The third delicate step is the derivation of $k\le52$ for the $13\times13$ case. Starting from

$$\sum r_i(r_i-1)\le156,$$

one gets

$$\sum r_i^2\le156+k.$$

Cauchy's inequality gives

$$k^2\le13\sum r_i^2.$$

Combining them yields

$$k^2\le13(156+k).$$

Solving the quadratic exactly gives the root $52$. Any arithmetic slip here would destroy the sharp bound.

Alternative Approaches

For the $7\times7$ case one may identify the problem immediately with a family of subsets of a $7$-element set having pairwise intersections of size at most $1$. Counting pairs of columns yields the upper bound $21$, and the Fano plane supplies a configuration achieving it. This approach is shorter but relies on recognizing the underlying design.

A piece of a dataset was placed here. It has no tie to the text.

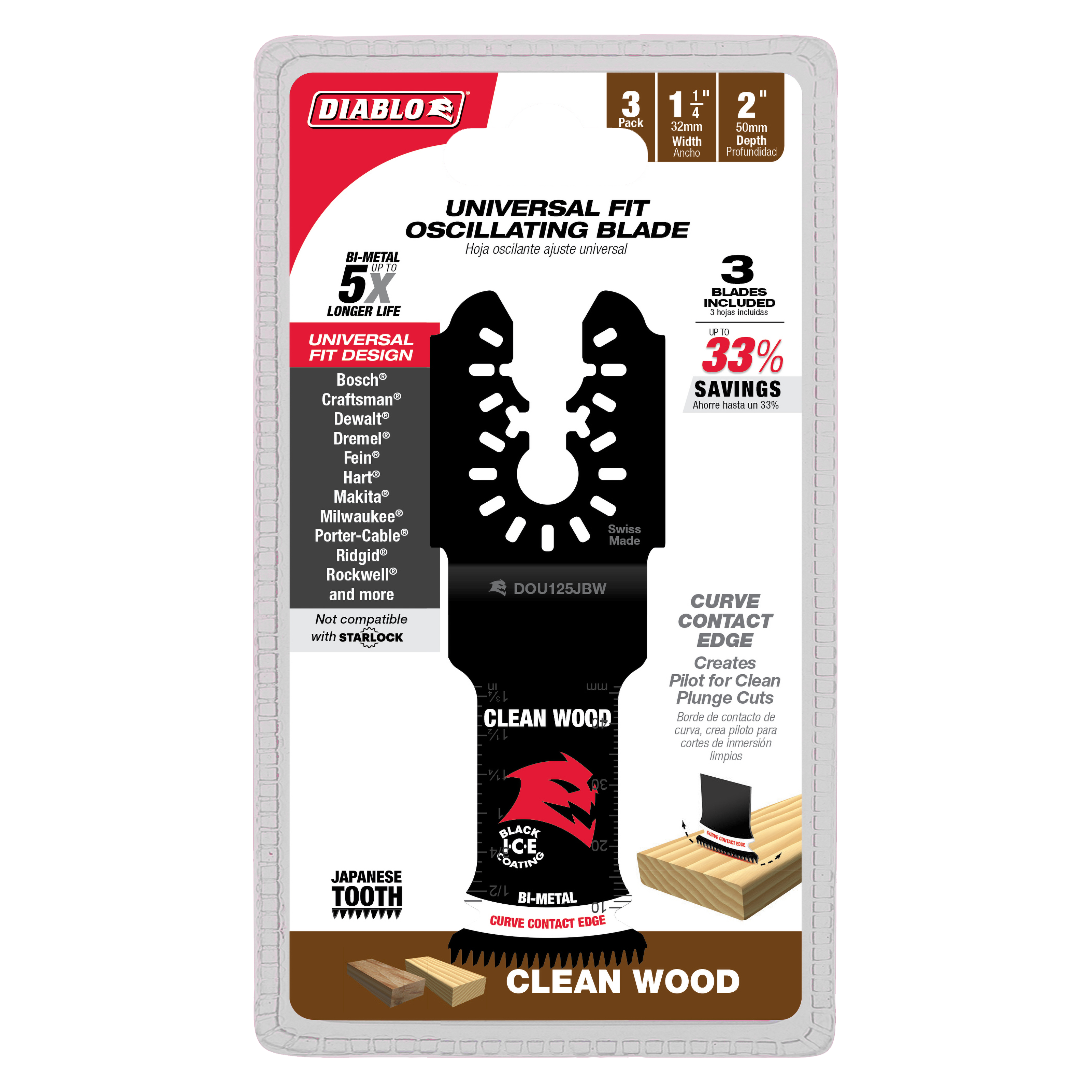 Diablo’s universal fit bi-metal oscillating blades feature application specific designs that deliver maximum durability and longer life in clean wood applications. These high-performance blades feature an ultra-hardened cutting edge to deliver up to 5X longer life than standard blades. Curve contact edge creates a pilot for precise, clean plunge cuts with less vibration. An optimized Japanese tooth design and Black I.C.E. (Industrial Cooling Element) keeps the teeth cool and build up free for fast, clean cuts. The blade’s universal fit, adapter-free design easily attaches most tools, with the exception of Starlock tools.
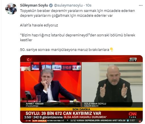 Süleyman Soylu, Twitter hesabından sözlerinin devamını da içeren video kaydını paylaşarak, "Topyekûn beraber depremin yaralarını sarmak için mücadele ederken deprem yalanlarını çoğaltmak için mücadele edenler var. Allah’a havale ediyoruz 'Bizim hazırlığımız İstanbul depremineydi'den sonraki bölümü bilerek kestiler 50. saniye sonrası manipülasyona maruz bırakılanlara" dedi.

For the $13\times13$ case one may use a standard inequality from incidence theory. Let $c_j$ denote the number of marked points in column $j$. Counting ordered pairs of marked points lying in the same row and applying the incidence bound known as Fisher's inequality leads to the same extremal value. The argument given above is preferable because it uses only elementary pair counting and Cauchy's inequality, while still reaching the sharp bound.